The more decisions there are in a character build, the more difficult it is to balance them. Leveling raises the number of decisions made. But it should be balanced throughout. So, yes, balancing a game like DnD is tough. But that's why we pay professionals to do it!

The best thing they can do is make sure the simple character build options (that non-optimizers are likely to pick) are well balanced with the complicated ones (that optimizers are likely to pick). This should be done by making sure that the simple characters are not just examples of the complicated build system, but have their own edges.

How should/could WOTC determine what the optimum acceptable disparity is?

The optimum disparity is zero.

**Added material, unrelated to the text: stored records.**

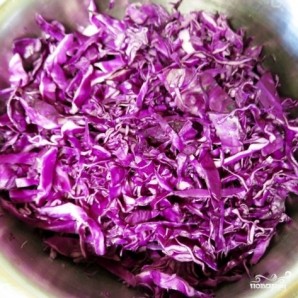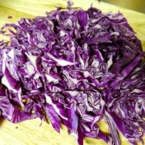 Затем тонко шинкуем красную капусту.
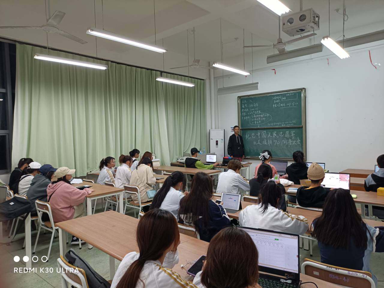 10月23日上午,纪念中国人民志愿军抗美援朝出国作战70周年大会在京隆重举行,习近平总书记出席大会并发表了重要讲话。会上,习近平总书记指出,伟大抗美援朝精神是弥足珍贵的精神财富。为向革命先烈致敬,加快建设我国军事强国伟大事业,深入学习贯彻习近平总书记重要讲话精神,人文与艺术学院于各班级发起了组织观看纪念中国人民志愿军抗美援朝出国作战70周年大会。
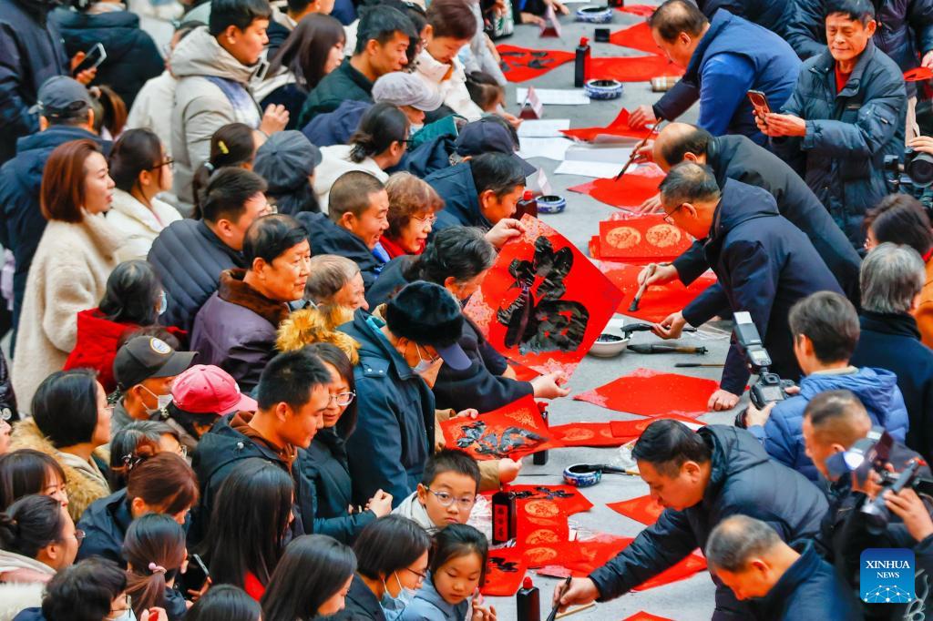 Artists write spring couplets and Chinese character "Fu," which means good fortunes, for citizens at a cultural center in Tianjin, north China, Jan. 22, 2026. Chinese people are busy preparing fresh flowers, Chinese knots, spring couplets, and other traditional necessities to celebrate the upcoming Spring Festival, or the Chinese New Year. (Photo by Du Penghui/Xinhua)
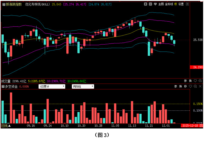 今日两市上涨个股共1455只,其中涨幅超过3%的个股260只,涨幅在9.9%以上的个股45只;下跌个股共3878只,其中跌幅超过3%的个股594只,跌幅在9.9%以上的个股19只。图3所示为指南针特有的0Z指数K线图,从图中可以看到,今日0Z指数继续收出阴线,且收盘位置已回落至优化布林下紫线附近。可见今日场内多数个股都出现了连续回落,市场整体走势依然偏弱。从下方的多空资金来看,今日多空资金为流入状态,但资金流入量很小,未能超过昨日的资金流出量,所以短期抛压尚未完全化解,行情难以大幅拉升。在这种情况下,如果接下来多方无法及时反击,空方再度施压,0Z指数就有可能跌破优化布林下紫线,令行情短期走势进一步转弱。建议大家控制好仓位,同时密切关注多空资金的进出情况以及优化布林下紫线对0Z指数的支撑情况,以便及时掌握行情变化,并做出相应决策。
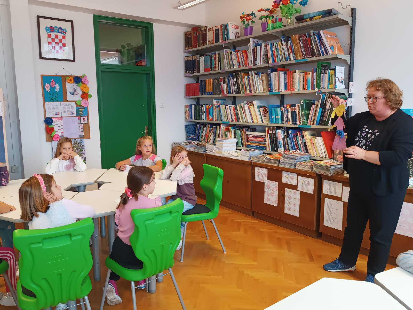 Knjižničarka Vlatka Habulin pročitala je učenicima slikovnicu Knjige drage Kuhar Drage, omiljene britanske dječje spisateljice Julije Donaldson. Nakon razgovora o slikovnici učenici su odigrali igre riječima: Gospođica od A do Ž te Čudesna riječ, a posjet su završili razgledavanjem knjižnice i posudbom knjiga i slikovnica.
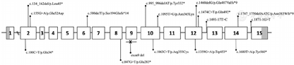 18例患者检测到16个PROS1基因杂合突变(表2),包括7个无义突变(c.100C>T/p.Gln34*、c.134_162del/p.Leu45*、c.847G>T/p.Glu283*、c.995_996delAT/p.Tyr332*、c.1359G>A/p.Trp453*、c.1474C>T/p.Gln492*和c.1680T>A/p.Tyr560*)、3个错义突变(c.155G>A/p.Gla52Asp、c.1063C>T/p.Arg355Cys、c.1095T>G/p.Asn365Lys)、3个移码突变(c.580delT/p.Ser194Glnfs*14、c.1460delG/p.Gla487Valfs*9、c.1747_1750delAATC/p.Asn583Wfs*9)、2个剪接位点突变(c.1493-17T>C、c.1871-1G>T)以和1个大片段缺失(外显子9缺失),以上突变在整个基因中的位置见图1。此外,在例10中检测到PROC基因c.565C>T/p.Arg189Trp杂合突变。
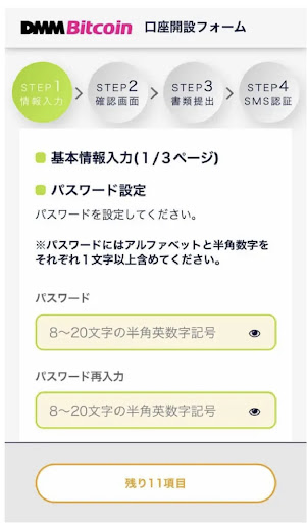 パスワード設定、契約書の同意、個人情報登録など基本情報を入力する項目を全て埋めましょう!

They don't really need to determine an "acceptable" disparity. They should do the best they can. Whether it is good enough is something for playtesting to tell them.

That's called customization. There are plenty of systems where customization does not imply optimization. (Again, mostly narrative-focused games.) D&D's simulationist and gamist bents make this a near impossibility, IMO. (No Judgement implied.)

Optimization is merely finding the optimums in a system. The obvious builds could be just as optimal as the more complicated, heavily customized builds. It still takes optimization to find those builds. But again, that's just theoretical. It's just to say that I don't need optimization to produce a major boost in power to have fun with it.

I agree with you about "trap" options. I'd rather have the difference between skilled and unskilled players play out through their character actions, rather than their build choices.

But aren't most build choices really character actions? Why shouldn't those play out as differences, too? Now, I don't want those differences to be so great that they ruin fun, but that applies to character actions as well. Optimization and trap options don't only apply to character building.

I find it difficult to determine how one determines mechanical balance without making very specific assumptions about playstyle...which is one of the things that got them into trouble with 4e.

Well, mechanical balance is really only meaningful assuming optimal play. Without that assumption, game balance is impossible to analyze, because non-optimal decision making can turn any game options into bad ones.

But, the key is that the game should be designed such that the obvious, simple choices have a fighting chance at being reasonably close to optimal.